«Я вял и толст, как шекспировский Гамлет», рассказывает наш герой; «о, Гамлет, о, лунный олух»[877]
. Луна вновь сопутствует Гамлету в «Под знаком незаконнорожденных», где обсуждается научная работа «Подлинный сюжет Гамлета» и американский проект фильма о принце: «Мы начнем ‹…› с поруганной луны»; «луна, усеявшая рыбьей чешуей» кровли Эльсинора; «лунный свет на цыпочках крадется за Призраком». Герои говорят о принце Гамлете, чтобы не говорить о диктаторе Падуке, и отождествляют обоих. Играя словами, они производят Гамлета от Телемаха (Telemachos-Telmah-Hamlet): «Гамлет задним ходом становится сынком Улисса, истребляющим маменькиных любовников». За этим скрывается чтение «Гамлета», которое не снилось Розанову. Принц подозревается в лунной, гомоэротичной одержимости своим отцом[878].Первую встречу Адама с диктатурой, полной гомосексуального садизма, освещает очень выразительная луна:
Левая часть луны затенилась так сильно, что стала почти невидима ‹…›, а правую ее сторону – чуть ноздреватую, но хорошо напудренную выпуклость или же щечку – живо освещало искусственное на вид сияние незримого солнца. В целом эффект получился прекрасный (209).
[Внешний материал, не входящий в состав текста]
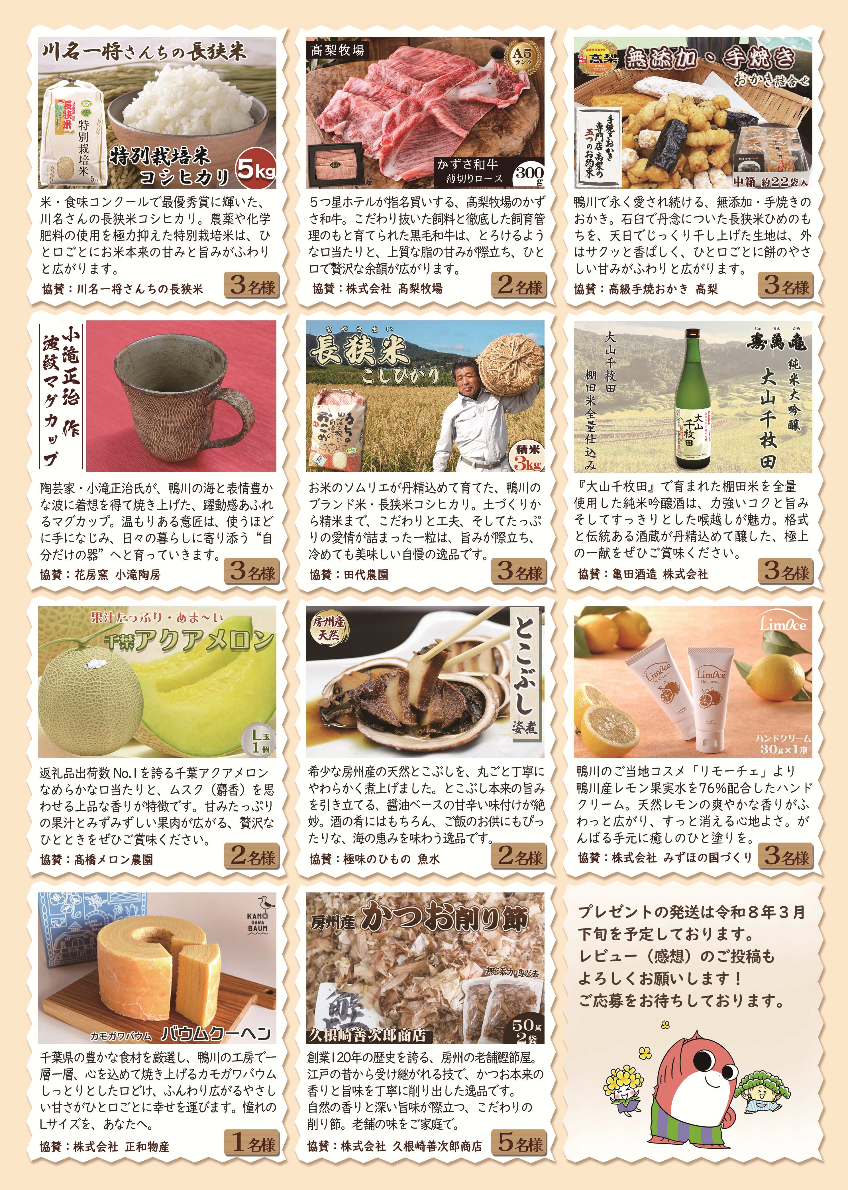 アンケートにご回答いただいた寄附者様の中から抽選で、鴨川市の特産物をプレゼントさせていただきます。

Картинка указывает на название:
Сюжет «Бледного огня» развивается в неверном свете своего заглавия. Романтический герой находит свое ироничное воплощение в лунатике и гомосексуале, беглом короле и паранойяльном герменевтике. Песней неудовлетворенного желания становится не поэма, но комментарий. Комментатор, безнадежно влюбленный в автора, Кинбот завладевает текстом Шейда и извращает его в соответствии с собственным интересом. Переживший эту драму в своих занятиях Пушкиным, предвидевший тщету комментариев к собственным текстам, Набоков сочиняет развязку «Бледного огня». Беглый король Кинбот заменяет блудного царя Эдипа. Смерть автора, погубленного своим комментатором, замещает вечный сюжет отцеубийства. У Софокла и Фрейда Эдип символизировал смену поколений и прогресс истории. Шекспир превратил Эдипа в мстящего Гамлета, и история пошла по кругу. Надеясь разорвать его, молодые люди, любители Чернышевского, занялись цареубийством. Набоков заместил все это комментатором, главным героем новейшей культуры. Метафоры множатся, с тем чтобы выразить протест автора в отношении комментатора, хозяина против вора, субъекта против объективации. Набоков верит в память и не верит в историю, в этом смысл его ностальгии.